The report highlights key differences among accelerators and other entrepreneurship supporters, such as incubators and angel investors. According to the authors, an accelerator is defined as: “a fixed-term, cohort-based program, including mentorship and educational components, that culminates in a public pitch event or demo day.”
Source: Cohen and Hochberg
Accelerators differ from incubators mainly in the competitive nature of their selection processes and their focus on mentorship. Compared to incubators, accelerators also have a very short time to engage with clients. Ideally, this can lead to either quicker growth or faster failure. (A fast failure can be beneficial if entrepreneurs shift to a different, higher potential venture.) Lastly, accelerators group entrepreneurs in each of their cycles into cohorts or classes. This fosters a communal identity among founders in the same cohort and allows the accelerator to focus its marketing and outreach around specific and predictable events.

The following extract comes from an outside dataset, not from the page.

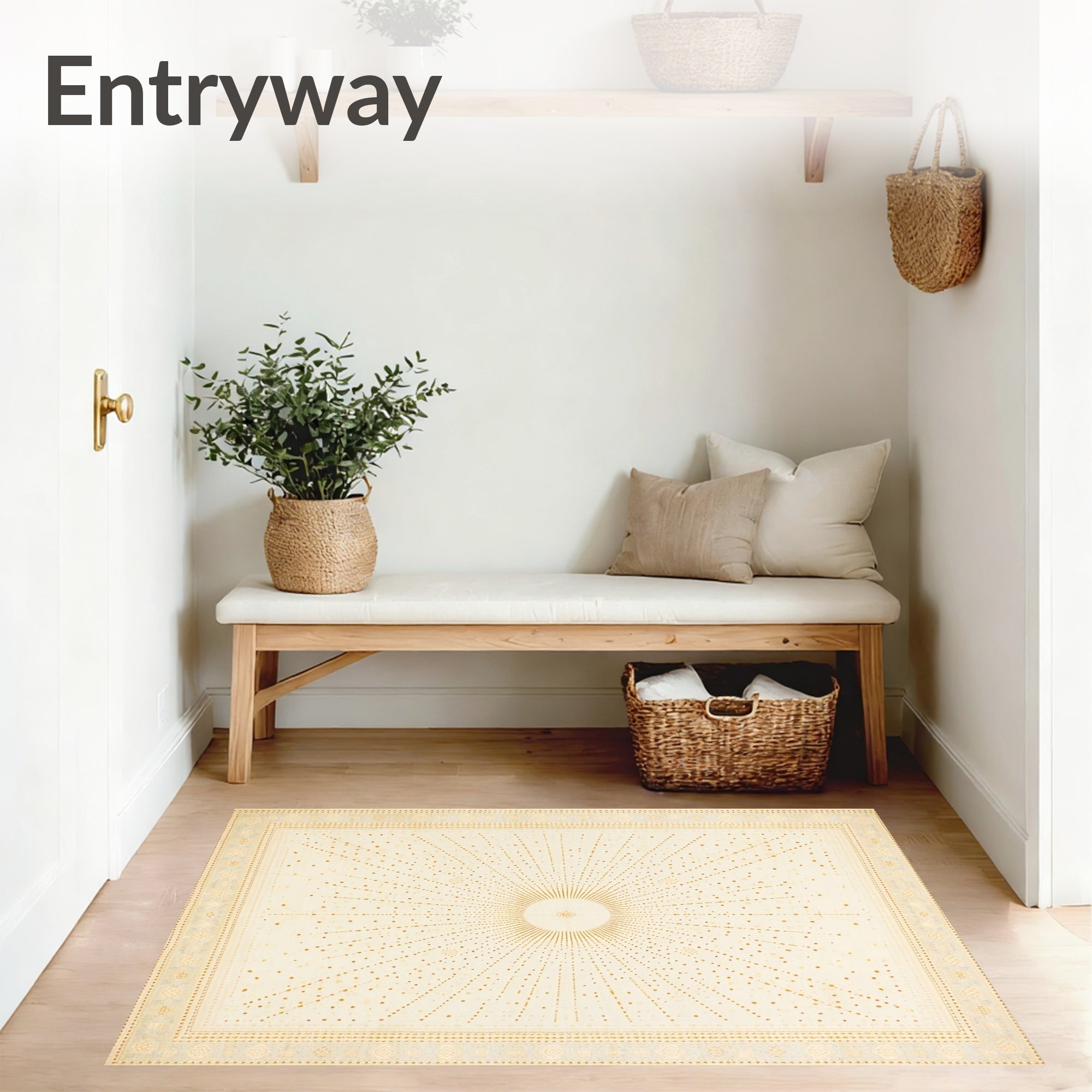 Ultra Soft Area Rug, Non Slip, Stain Resistant, Washable Area Rugs for Living Room, Bedroom, Elegant Floor Modern Boho with Central Starburst Design(Beige) Overview:

Accelerators often make investments in the companies they support. This can cause them to be confused with angel investors. Angel investors are individuals who invest significant sums of money into early-stage companies. Like accelerators, they are highly selective, but they do not tend to work with companies in cohorts and only interact with entrepreneurs as the investor deems necessary.
Even though accelerators are relatively new, their popularity seems to indicate that they are filling needs that aren’t addressed by angel investors and incubators. These three types of organizations are often the most common sources of support for early-stage companies and will likely continue to be across many local entrepreneurship ecosystems.
For the full report by by Susan G. Cohen and Yael V. Hochberg, please click here.
Contributed by Haley Goodman.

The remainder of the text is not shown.